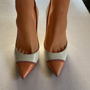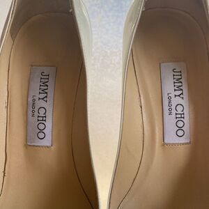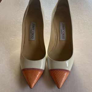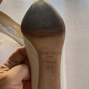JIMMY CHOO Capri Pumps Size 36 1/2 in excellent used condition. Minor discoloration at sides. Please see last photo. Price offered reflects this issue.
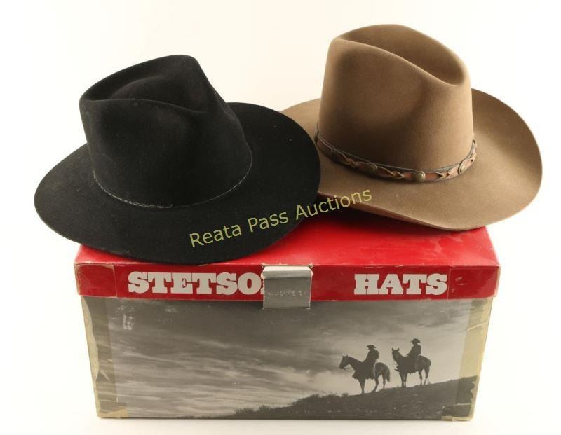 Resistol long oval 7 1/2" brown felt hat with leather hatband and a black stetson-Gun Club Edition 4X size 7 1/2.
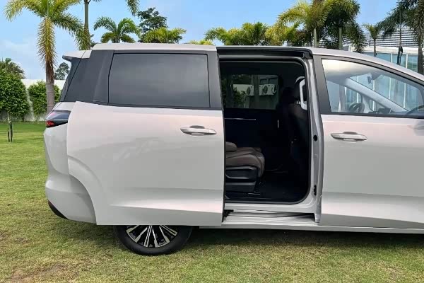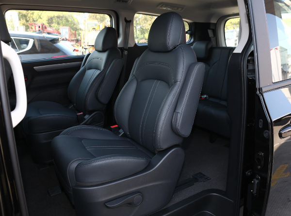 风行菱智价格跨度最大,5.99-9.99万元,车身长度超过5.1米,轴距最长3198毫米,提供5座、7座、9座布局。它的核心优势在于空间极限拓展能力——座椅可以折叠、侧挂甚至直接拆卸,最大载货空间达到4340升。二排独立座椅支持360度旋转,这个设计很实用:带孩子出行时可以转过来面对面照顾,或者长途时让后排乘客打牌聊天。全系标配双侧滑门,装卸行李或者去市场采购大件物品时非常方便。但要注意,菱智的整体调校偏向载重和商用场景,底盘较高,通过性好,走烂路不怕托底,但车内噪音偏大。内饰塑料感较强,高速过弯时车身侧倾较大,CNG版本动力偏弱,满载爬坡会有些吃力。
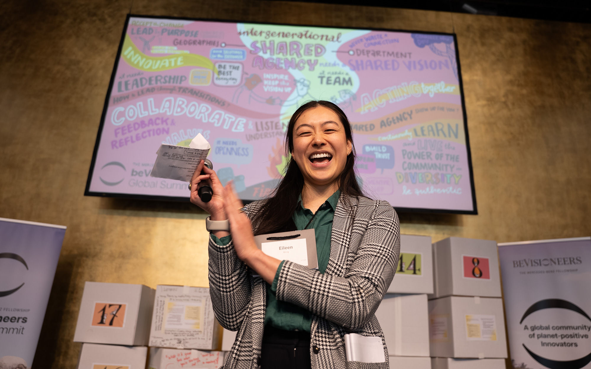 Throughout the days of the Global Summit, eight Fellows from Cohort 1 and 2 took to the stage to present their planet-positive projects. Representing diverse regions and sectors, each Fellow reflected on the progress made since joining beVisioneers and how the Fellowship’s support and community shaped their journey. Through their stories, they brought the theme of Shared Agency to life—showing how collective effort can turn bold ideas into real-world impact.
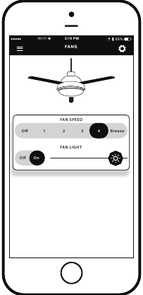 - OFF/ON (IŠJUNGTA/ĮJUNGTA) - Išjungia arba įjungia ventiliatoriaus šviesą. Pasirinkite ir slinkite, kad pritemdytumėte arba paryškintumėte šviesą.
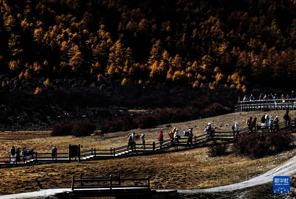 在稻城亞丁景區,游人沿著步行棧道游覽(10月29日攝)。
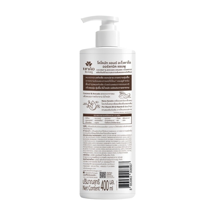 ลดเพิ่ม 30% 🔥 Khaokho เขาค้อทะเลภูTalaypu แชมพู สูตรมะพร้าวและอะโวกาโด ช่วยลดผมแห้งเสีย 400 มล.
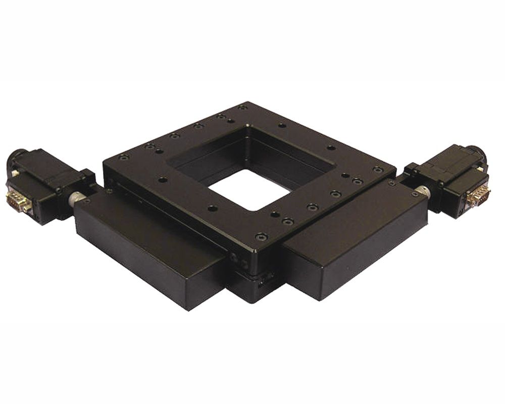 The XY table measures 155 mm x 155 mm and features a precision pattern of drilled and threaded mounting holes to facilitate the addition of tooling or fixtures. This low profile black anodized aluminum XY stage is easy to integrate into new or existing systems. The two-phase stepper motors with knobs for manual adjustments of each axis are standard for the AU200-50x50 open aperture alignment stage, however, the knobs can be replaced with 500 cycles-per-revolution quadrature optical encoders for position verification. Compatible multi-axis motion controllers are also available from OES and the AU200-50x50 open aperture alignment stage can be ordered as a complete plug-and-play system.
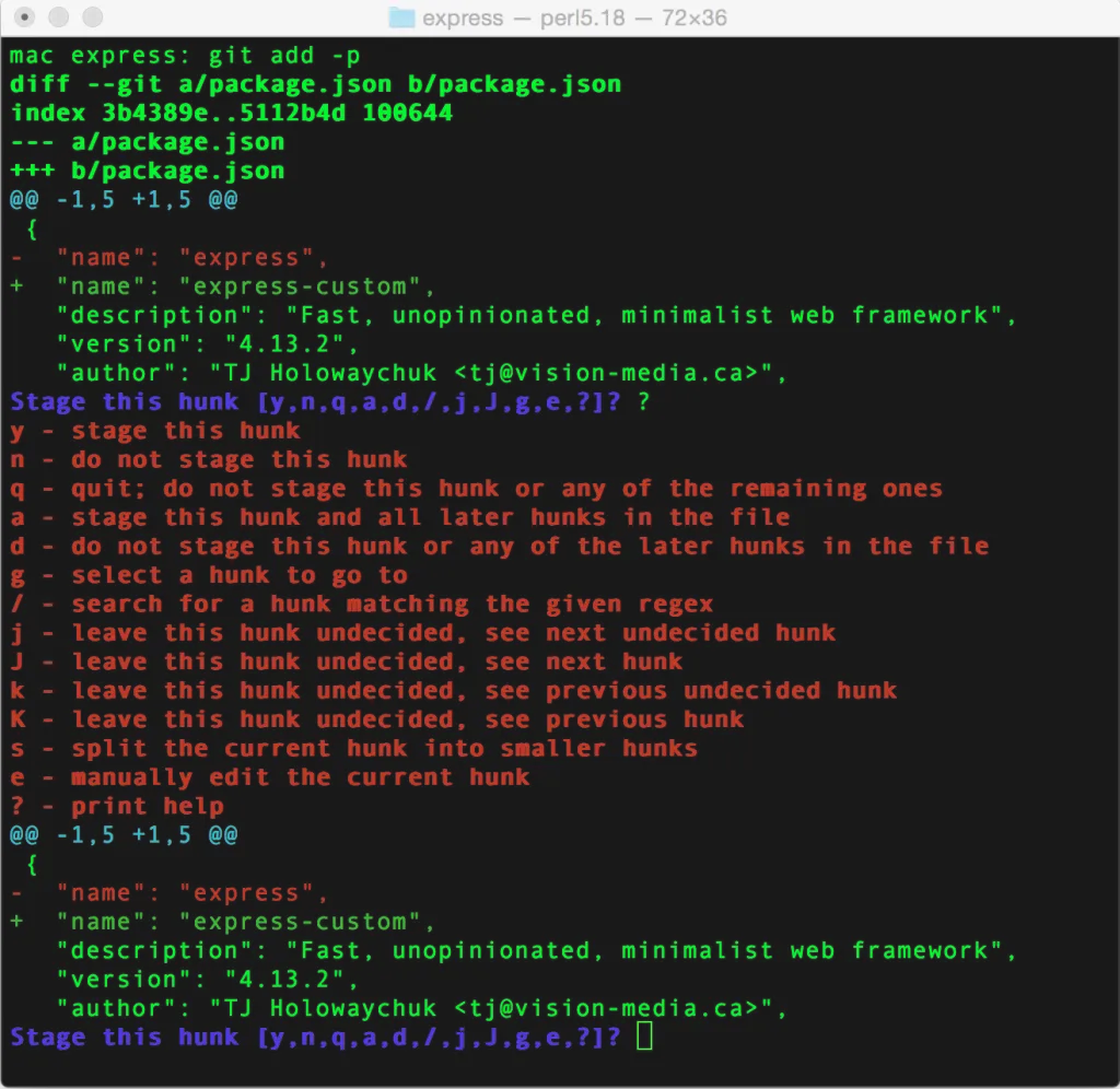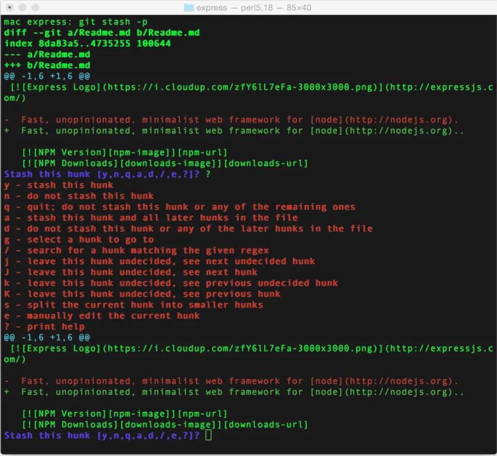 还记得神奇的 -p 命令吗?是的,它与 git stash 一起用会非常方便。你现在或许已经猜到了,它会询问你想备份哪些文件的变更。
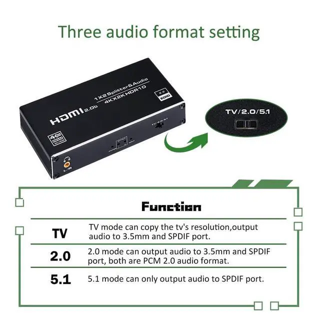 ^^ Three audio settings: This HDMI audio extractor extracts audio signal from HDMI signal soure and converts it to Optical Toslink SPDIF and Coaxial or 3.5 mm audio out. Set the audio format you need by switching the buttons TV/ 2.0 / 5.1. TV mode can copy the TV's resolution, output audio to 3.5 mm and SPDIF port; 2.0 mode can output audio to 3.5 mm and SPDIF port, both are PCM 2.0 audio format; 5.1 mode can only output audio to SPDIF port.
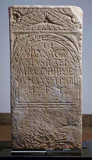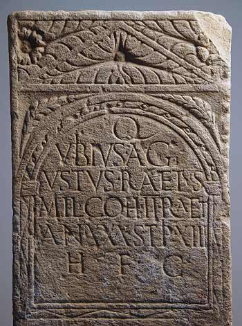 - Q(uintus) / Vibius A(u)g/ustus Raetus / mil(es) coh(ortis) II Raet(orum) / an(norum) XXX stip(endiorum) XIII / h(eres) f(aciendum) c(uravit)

▸ WHAT YOU NEED TO DO: From the opening line of the entries above to the line containing "在稻城亞丁景區,游人沿著步行棧道游覽(10月29日攝)。", please transcribe each line exactly, skipping every picture.

▸ THE ANSWER:
JIMMY CHOO Capri Pumps Size 36 1/2 in excellent used condition. Minor discoloration at sides. Please see last photo. Price offered reflects this issue.
 Resistol long oval 7 1/2" brown felt hat with leather hatband and a black stetson-Gun Club Edition 4X size 7 1/2.
 风行菱智价格跨度最大,5.99-9.99万元,车身长度超过5.1米,轴距最长3198毫米,提供5座、7座、9座布局。它的核心优势在于空间极限拓展能力——座椅可以折叠、侧挂甚至直接拆卸,最大载货空间达到4340升。二排独立座椅支持360度旋转,这个设计很实用:带孩子出行时可以转过来面对面照顾,或者长途时让后排乘客打牌聊天。全系标配双侧滑门,装卸行李或者去市场采购大件物品时非常方便。但要注意,菱智的整体调校偏向载重和商用场景,底盘较高,通过性好,走烂路不怕托底,但车内噪音偏大。内饰塑料感较强,高速过弯时车身侧倾较大,CNG版本动力偏弱,满载爬坡会有些吃力。
 Throughout the days of the Global Summit, eight Fellows from Cohort 1 and 2 took to the stage to present their planet-positive projects. Representing diverse regions and sectors, each Fellow reflected on the progress made since joining beVisioneers and how the Fellowship’s support and community shaped their journey. Through their stories, they brought the theme of Shared Agency to life—showing how collective effort can turn bold ideas into real-world impact.
 - OFF/ON (IŠJUNGTA/ĮJUNGTA) - Išjungia arba įjungia ventiliatoriaus šviesą. Pasirinkite ir slinkite, kad pritemdytumėte arba paryškintumėte šviesą.
 在稻城亞丁景區,游人沿著步行棧道游覽(10月29日攝)。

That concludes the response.